Azure Pipeline for Automation Runbooks

Azure Automation runbooks are very useful – particularly for scheduled or repeated operations. One downside I have observed is that they are very often disconnected from proper version control.

Microsoft has a solution for this: source control integration

You can connect a GitHub/Azure Repo to an Automation Account, which uses resources like RunAs accounts, personal access tokens (from your repo), and automation jobs to perform the sync.
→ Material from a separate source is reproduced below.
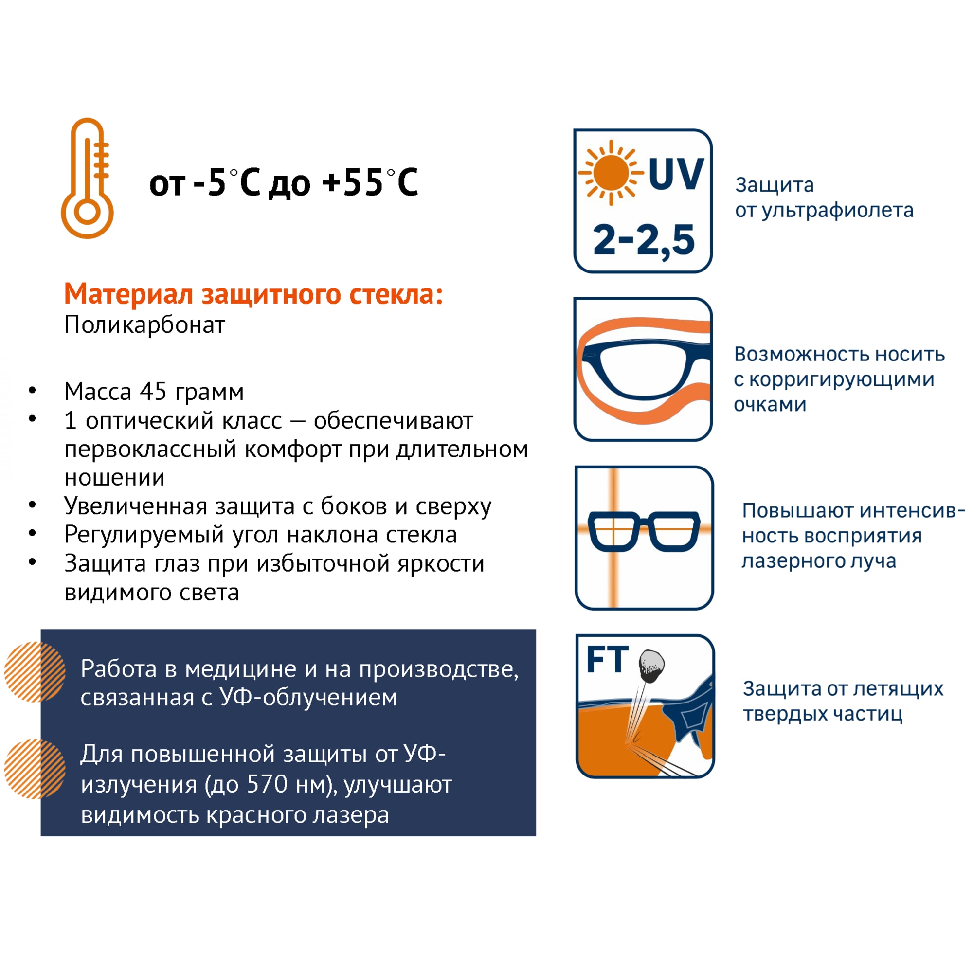 • Возможность использования вместе с корригирующими очками

I began evaluating this for the purposes of importing, publishing, and scheduling some runbooks, however there were two key reasons I felt a different direction was better suited:

  1. Flexibility – I could only sync a folder named “runbooks”, and only import and publish them. What if I only wanted a certain selection of runbooks? What if I wanted to segregate runbooks between different Automation Accounts? What if I wanted to manage my schedule definition as code too? Sure there are solutions to these problems, but then they become workarounds or addons to the source control integration.
  2. Consistency – other areas of ensuring version controlled code is released to some environment typically use continuous deployment tools; why would I treat my runbooks any different? If I’m already going to be using Azure DevOps pipelines for these areas, I want to keep that consistency going.
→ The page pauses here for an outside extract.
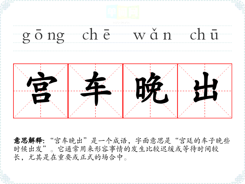 “宫车晚出”是一个成语,字面意思是“宫廷的车子晚些时候出发”。它通常用来形容事情的发生比较迟缓或等待时间较长,尤其是在重要或正式的场合中。

There are a few different ways that runbook management could be accomplished in an Azure DevOps pipeline: Azure PowerShell, ARM templates, Azure CLI.
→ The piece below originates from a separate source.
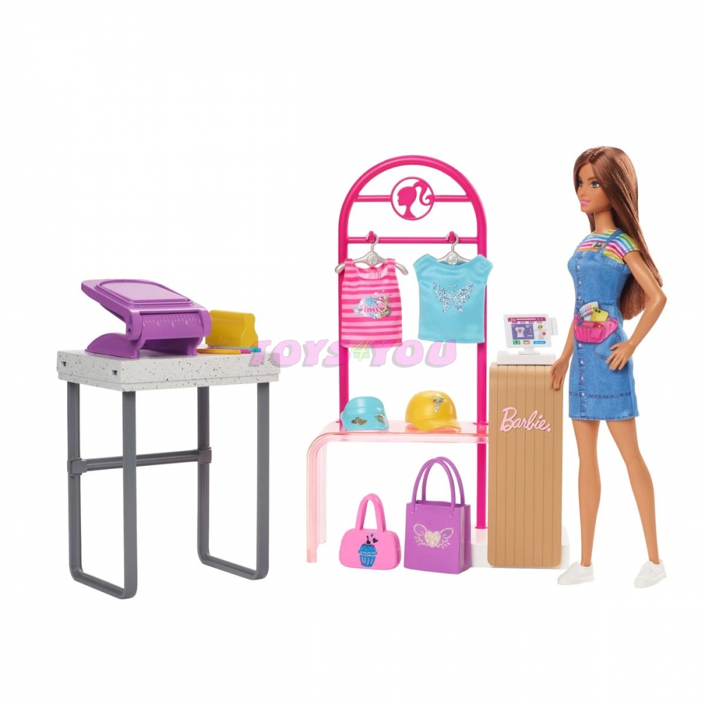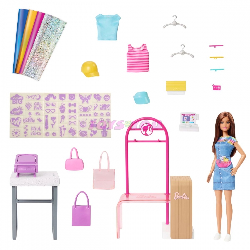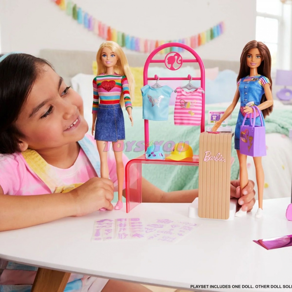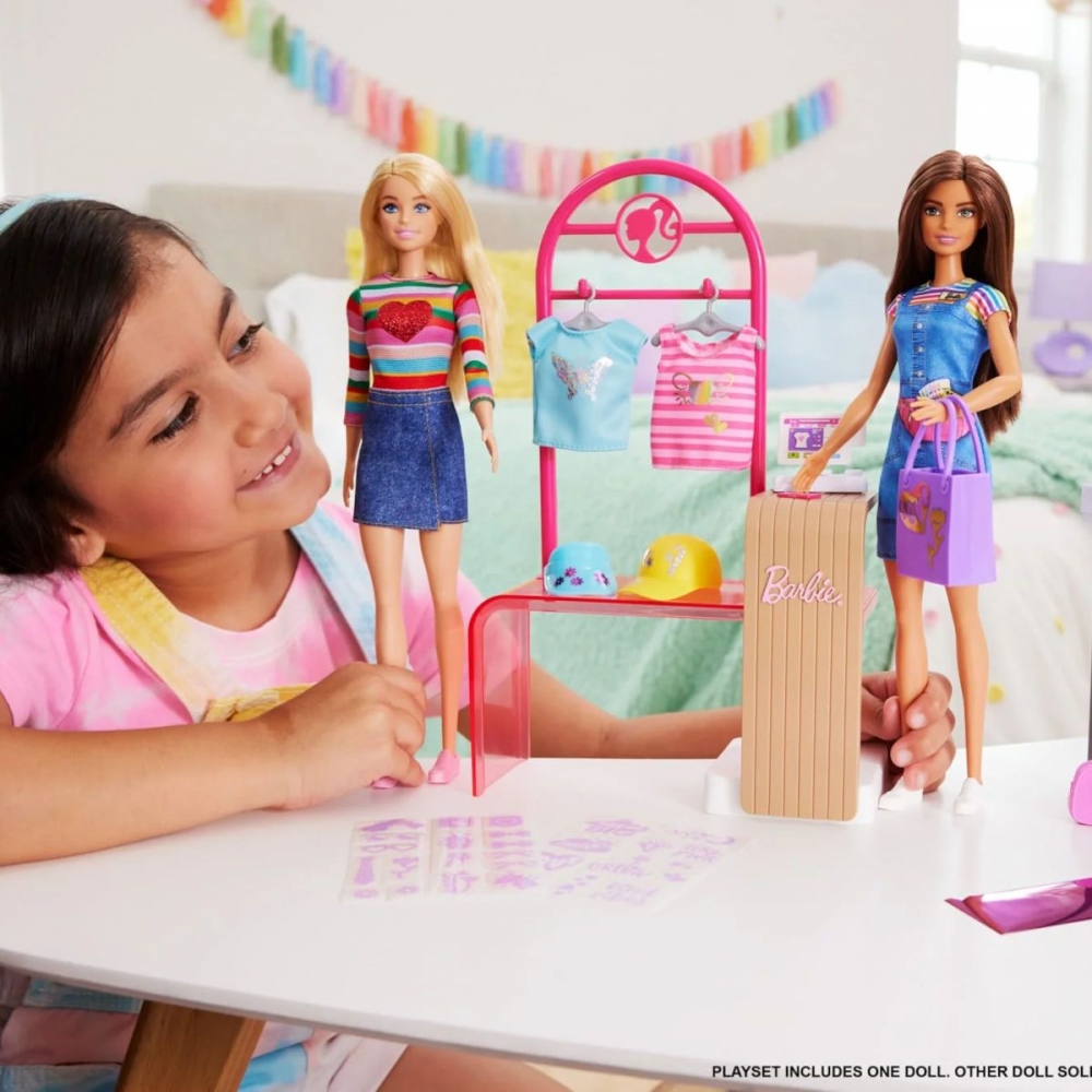 Děti mohou ušít kariéru v módě s panenkou Barbie® a herní sadou Make & Sell Boutique™! Mladí návrháři si zamilují vytváření vlastního vzhledu pomocí snadno použitelné funkce sítotisku fólie. Stojan a věšáky předvádějí originální návrhy k nákupu a zákazníci mohou nakupovat s realistickou registrací a čtečkou karet! Pět fólií a opakovaně použitelné samolepky umožňují opakovat zábavu a nekonečné možnosti. Panenka nemůže stát sama. Barvy a dekorace se mohou lišit.

For simplicity and speed of development, I chose to use Azure PowerShell, combined within a YAML pipeline definition.

My use-case here is taking my Update Management scripts and making them run automatically on a schedule. Based on that, I have the following structure in my repository:

GitHub link for code

PowerShell (Folder)
    Update Management (Folder)
        azure-pipelines.yaml
 	Set-UpdateManagementSchedule.ps1
 	Get-AzCachedAccessToken.ps1
 	New-UpdateManagementSchedule.ps1
        Publish-AARunbookFromDevOps.ps1
    New-EmailDelivery.ps1

Set-UpdateManagementSchedule.ps1 defines some time zones, and then iterates over them calling New-UpdateManagementSchedule.ps1 for each. At the end, it uses New-EmailDelivery.ps1 to send results by email.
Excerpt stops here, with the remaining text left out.